Buying right now does still run a slight risk this deal gets derailed, if for example the fire victims wind up voting down the restructuring deal. And that could still tank the stock, which is a reason to maybe wait for the vote to come in. But  if the restructuring is successful, these should be the same shares.
Guest
8:21
Roger, how concerned are you about the provision in the Democratic House bill to ban utilities from shutting off customers for non-payment?
AvatarRoger Conrad
8:21
I'm not for two reasons. First, this is what utilities across the country are already doing. The challenge is getting states to allow them to set aside COVID-19 related costs for recovery later, and while some like New York have yet to act most are doing so.
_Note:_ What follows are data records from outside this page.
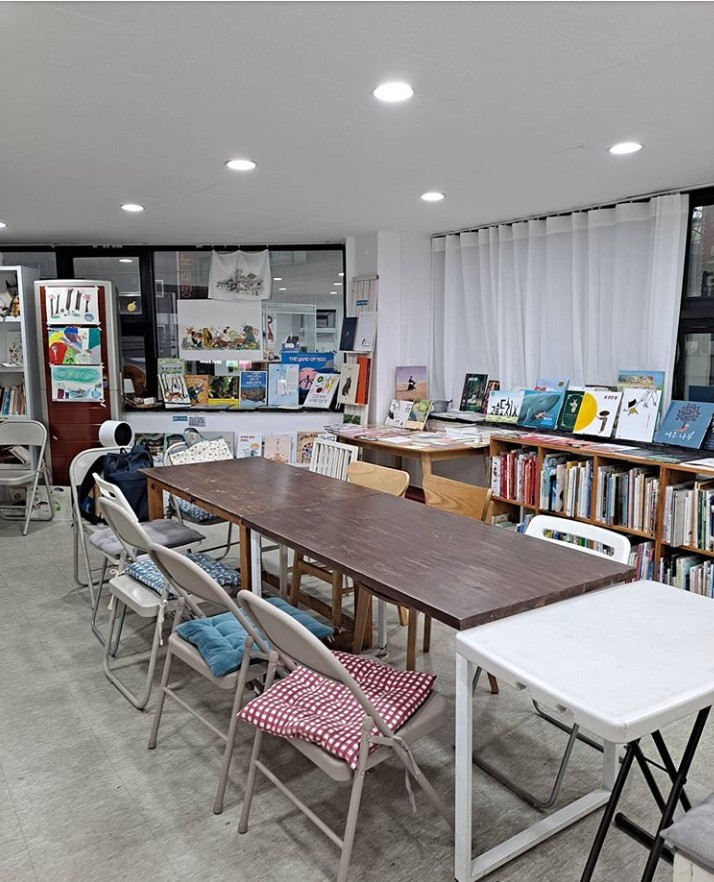 공방처럼 보일 때는 아이들이 항상 머물며 책 읽고 무언가를 만들 때다. 센터처럼 보이는 지금은 비대면 그림책 수업을 잔뜩 만들었고 독서모임과 글쓰기 수업이 수시로 진행되기에 책 파는 공간인 줄 모르고 계시는 분들고 있다. 아무려면 어떤가 나는 이 작은 공간에서 어디까지 일을 벌일 수 있는지 시험 중이다.
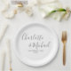 Elegante Signatur-Skript Graue und Weiße Hochzeit Pappteller
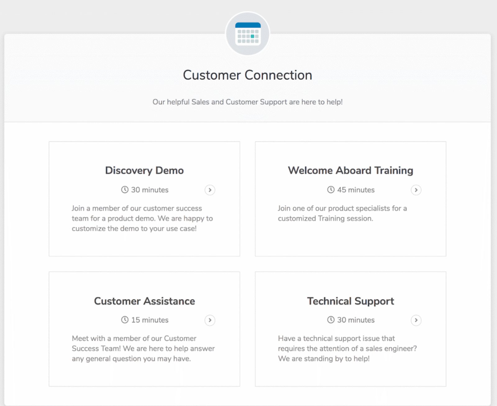 Want to showcase multiple meeting offerings? Create a meeting directory to feature more than one meeting type on a single scheduling page. For example, as a marketer, you can add a meeting directory to a general newsletter to give subscribers different ways to connect with your company: discovery calls, technical support, and customer onboarding. Effortlessly guide your leads and customers to the right person.
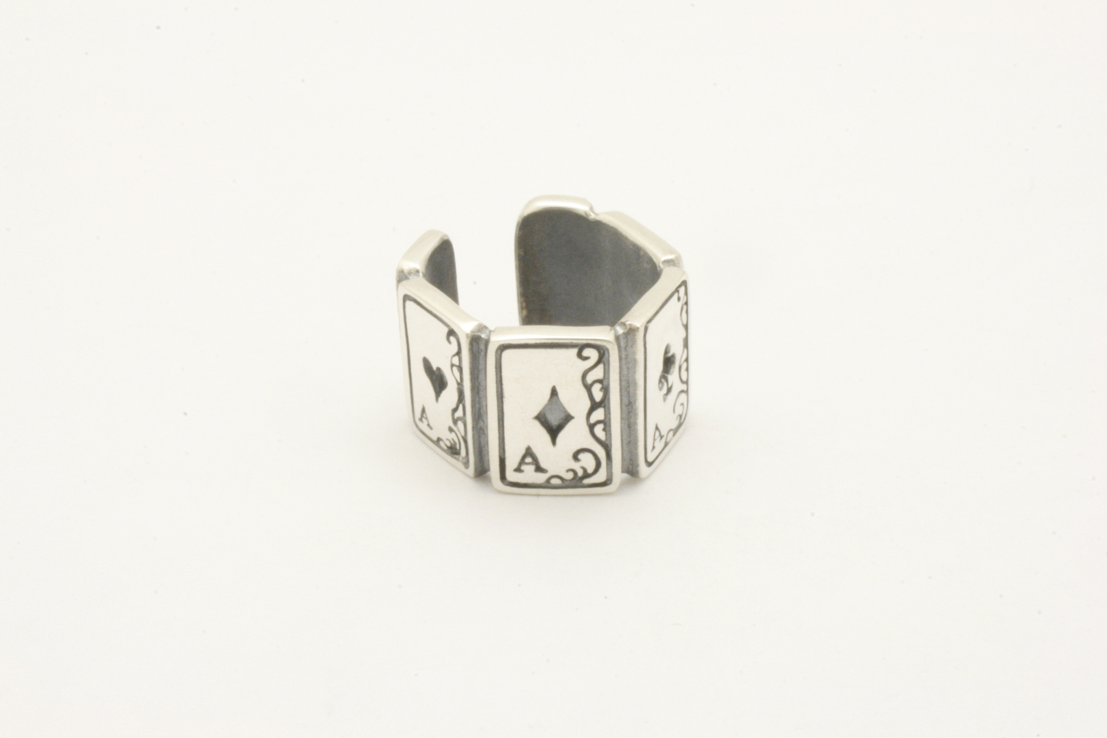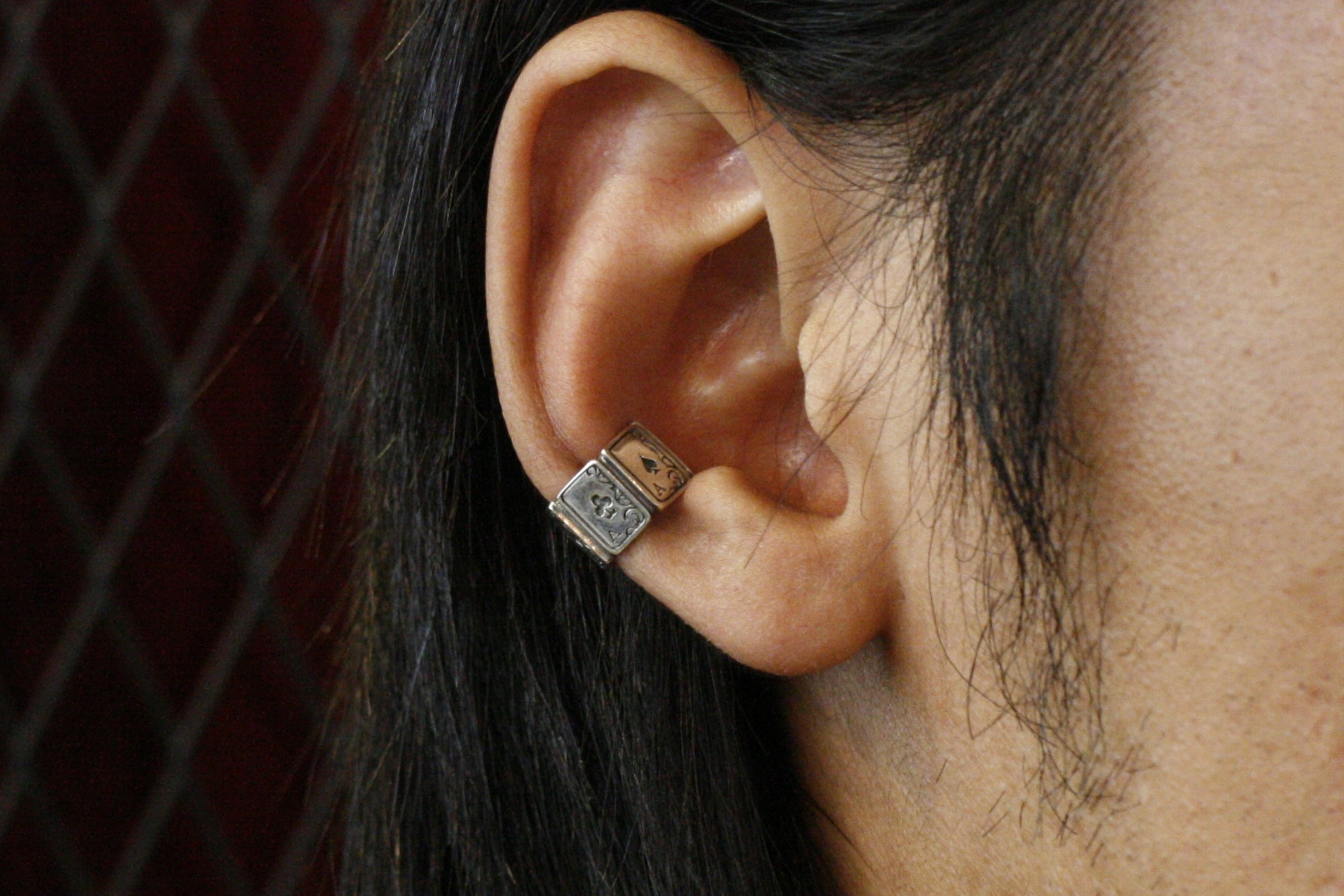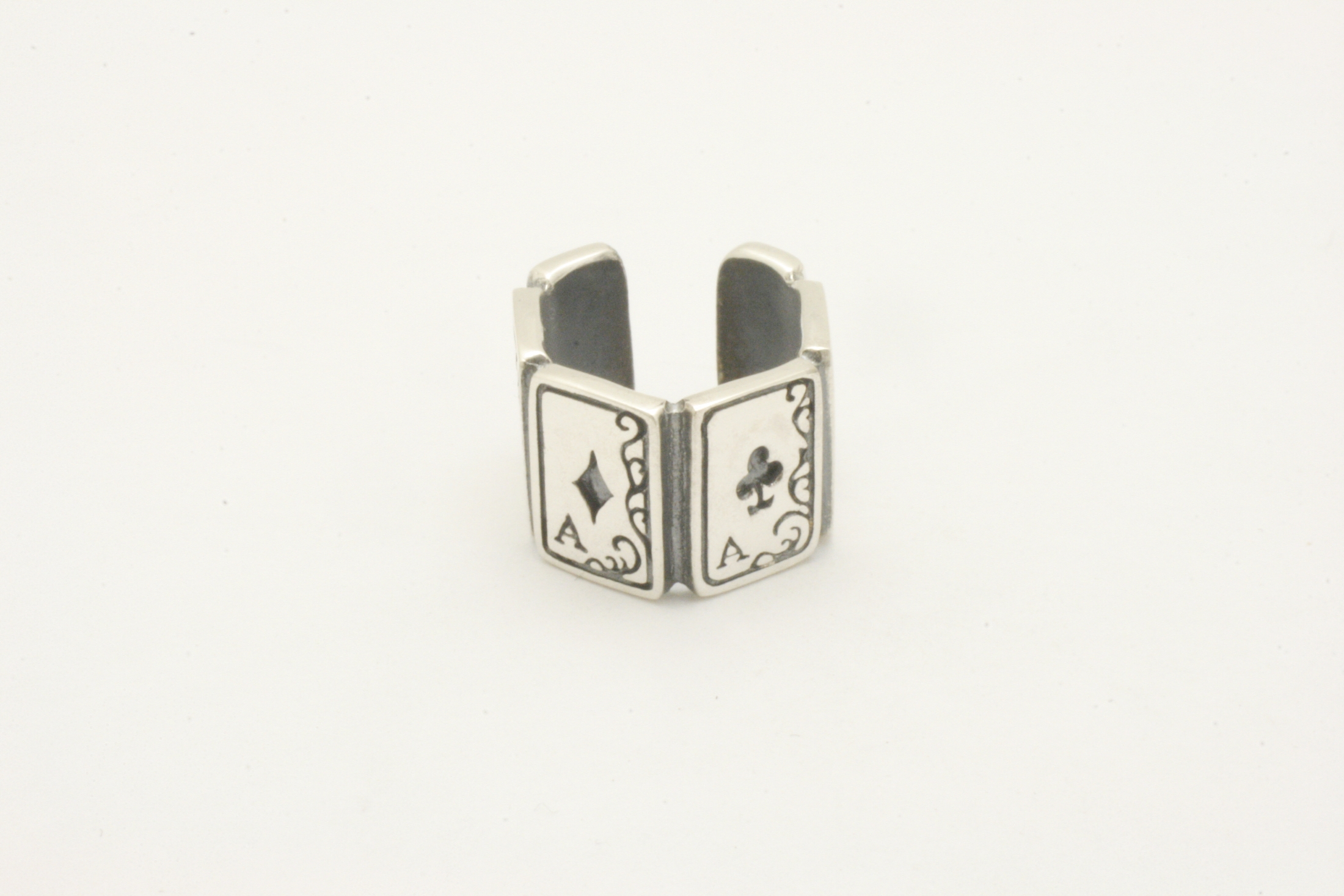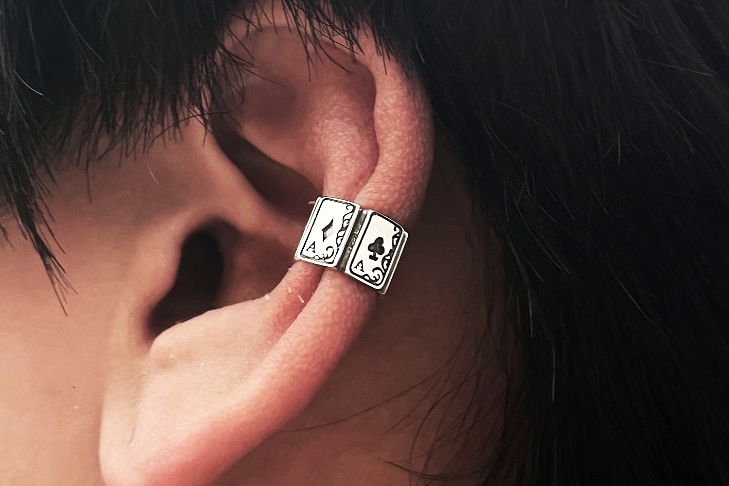 トランプのエースのカードをモチーフにしたイヤカフス。耳の上部あたりにつけ

Second, there's no chance this legislation clears the Senate even if it did the House. But again, utilities are well ahead of the curve on this one. And while it's still early days on COVID-19 fallout admittedly, the hit's relatively mild so far.
Ray S
8:24
I’ve owned VZ for quite a while. I took some profits a while back around 61. It seems like the stock meets serious resistance around that level. For the last few years it just gets stuck there. Do you think when things around the country/world improve it can finally break out? Thanks.
AvatarRoger Conrad
8:24
I think the big driver for earnings and stock the next few years is going to be 5G--how effectively can Verizon deploy it and monetize it. I think expectations are pretty modest right now with the stock at 11 times expected 2020 earnings. By the way it was the only major telecom to actually produce guidance for the year following Q1 results.

As I've pointed out in CUI, telecoms did not monetize the huge uptick in traffic triggered by COVID-19 fallout. But I don't view that as a harbinger of not doing well with 5G. And in any case, Verizon still offers a solid dividend while we wait to find out about its progress.
Guest
8:27
Hello Roger, and I too am a throwback subscriber who still holds quite a few Canadian Stocks such as BIRD; Canadian Property, Riocan Reit, Dream Office, Altagas, Artis Reit, Atlantic Power, IBI, Innergex, and luckily Pembina. So I know this is a lot, but if you could give me your thinking on the REIT sector especially I should be most grateful.
AvatarRoger Conrad
8:27
I like the high quality Canadian REITs like RioCan, and am pretty much wary of most US REITs right now. I'm due to do another REIT Sheet next month, at which time I'll be able to provide somewhat more color. But I do think Canadian Apartment, RioCan REIT and Artis are in solid shape. Happy to answer anything specific you have via an email at some point:

service@capitalisttimes.com
Guest
8:27
I enjoyed your Podcast with Nate ... thanks for that. I am sure Nate will have a very productive investment career. How lucky he is to have your guidance ... as are we. Thank you for everything you do.